[Extracted records]
================
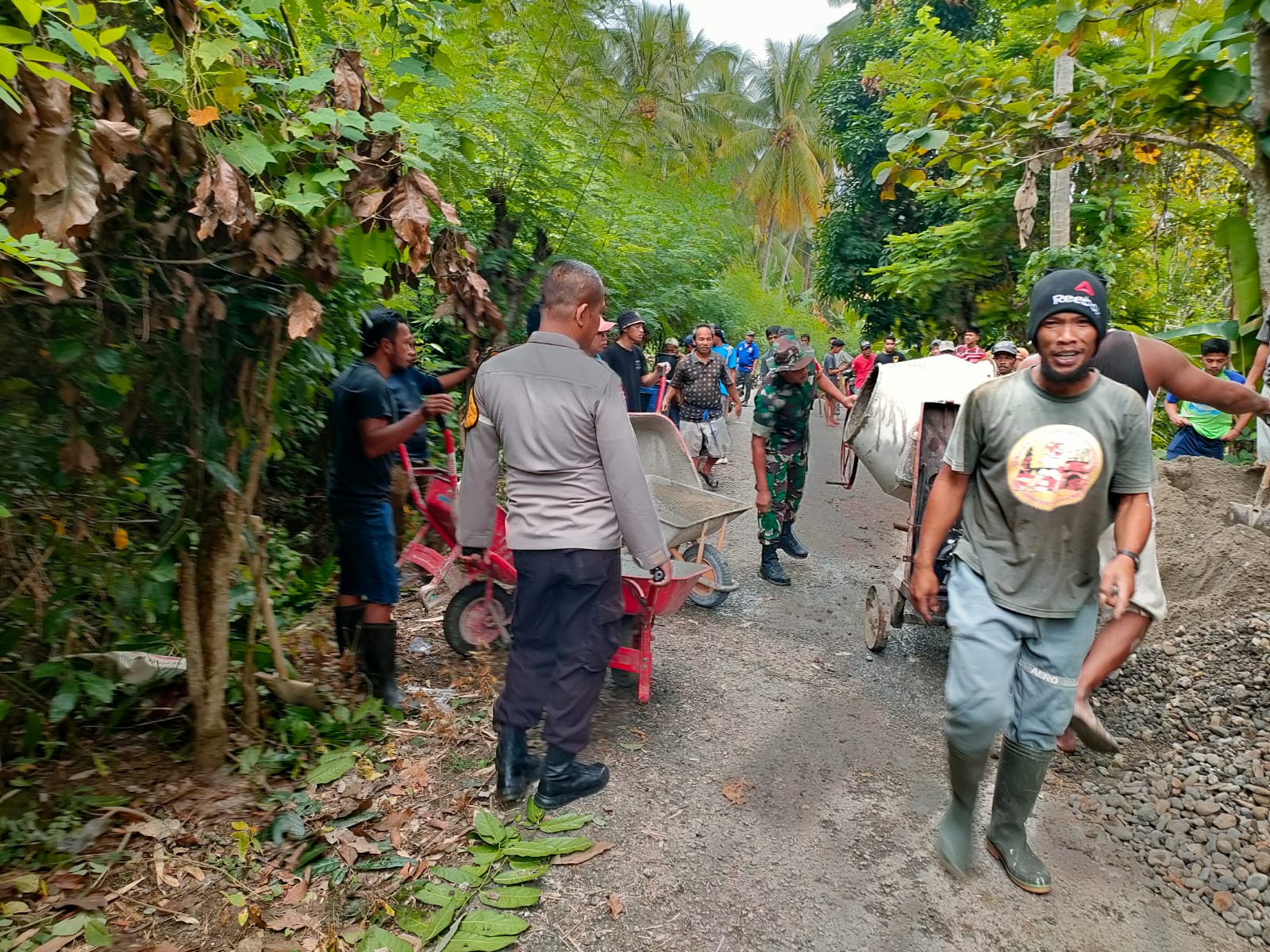 Dalam kegiatan kerja bakti ini, Bripka Ahmadi terlihat aktif membantu warga. Salah satu momen yang menarik adalah ketika Bripka Ahmadi mendorong gerobak berisi campuran semen untuk perbaikan jalan di wilayah binaannya. Perbaikan jalan ini diharapkan dapat meningkatkan akses dan kenyamanan warga dalam beraktivitas sehari-hari.
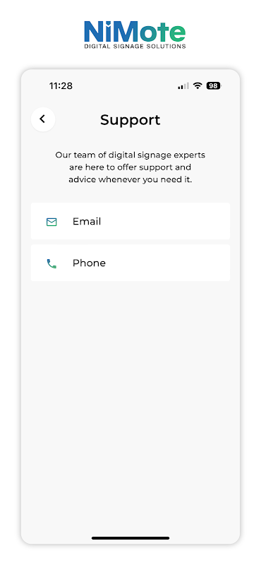 NiMote Digital Signage için mobil arka ofis arayüzü
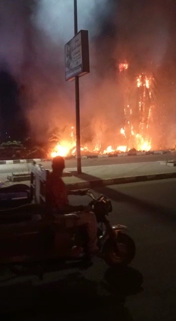 اندلع حريق كبير بمجموعة من أشجار النخيل الموجودة على جانب الطريق بميدان الصنايع الممتد من شارع التليفزيون بوسط مدينة الأقصر.
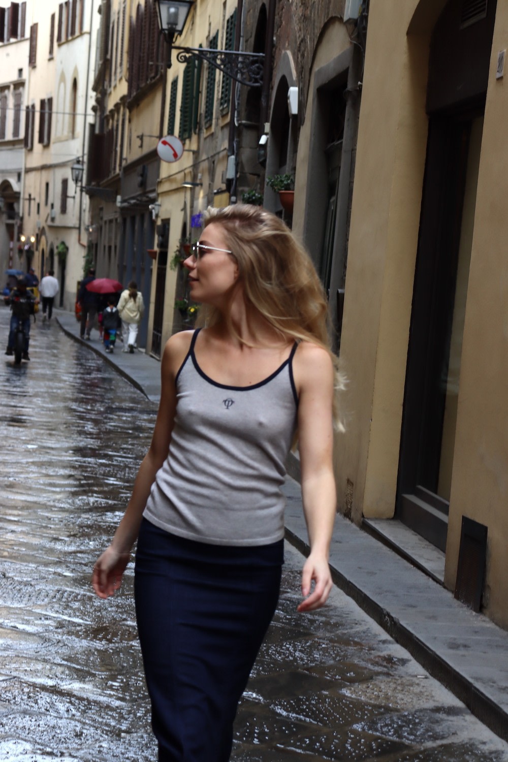 Enda en vakker og allsidig basistopp. Alle trenger en god topp i garderoben. Denne myke toppen har vårt velkjente logo plassert midt på brystet, som gir et moderne og stilrent uttrykk. Kombiner denne enkle, men klassiske stroppetoppen med våre Gianna-bukser eller Gerda-skjørt for den perfekte sommerlooken.
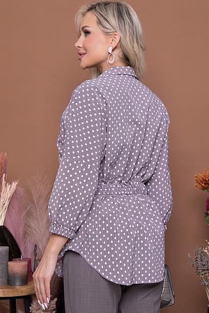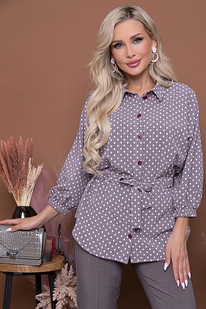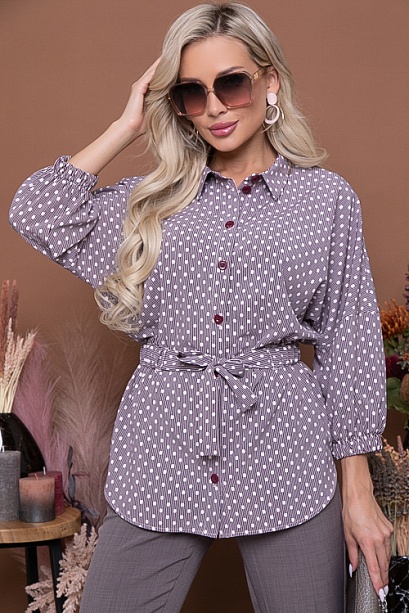 Рубашка из текстильного полотна свободного силуэта,с центральной застежкой на пуговицы и отложным воротником на стойке.
================
Task brief: Copy out all the records exactly as they read, and omit the pictures.

Result of the exercise:
 Dalam kegiatan kerja bakti ini, Bripka Ahmadi terlihat aktif membantu warga. Salah satu momen yang menarik adalah ketika Bripka Ahmadi mendorong gerobak berisi campuran semen untuk perbaikan jalan di wilayah binaannya. Perbaikan jalan ini diharapkan dapat meningkatkan akses dan kenyamanan warga dalam beraktivitas sehari-hari.
 NiMote Digital Signage için mobil arka ofis arayüzü
 اندلع حريق كبير بمجموعة من أشجار النخيل الموجودة على جانب الطريق بميدان الصنايع الممتد من شارع التليفزيون بوسط مدينة الأقصر.
 Enda en vakker og allsidig basistopp. Alle trenger en god topp i garderoben. Denne myke toppen har vårt velkjente logo plassert midt på brystet, som gir et moderne og stilrent uttrykk. Kombiner denne enkle, men klassiske stroppetoppen med våre Gianna-bukser eller Gerda-skjørt for den perfekte sommerlooken.
 Рубашка из текстильного полотна свободного силуэта,с центральной застежкой на пуговицы и отложным воротником на стойке.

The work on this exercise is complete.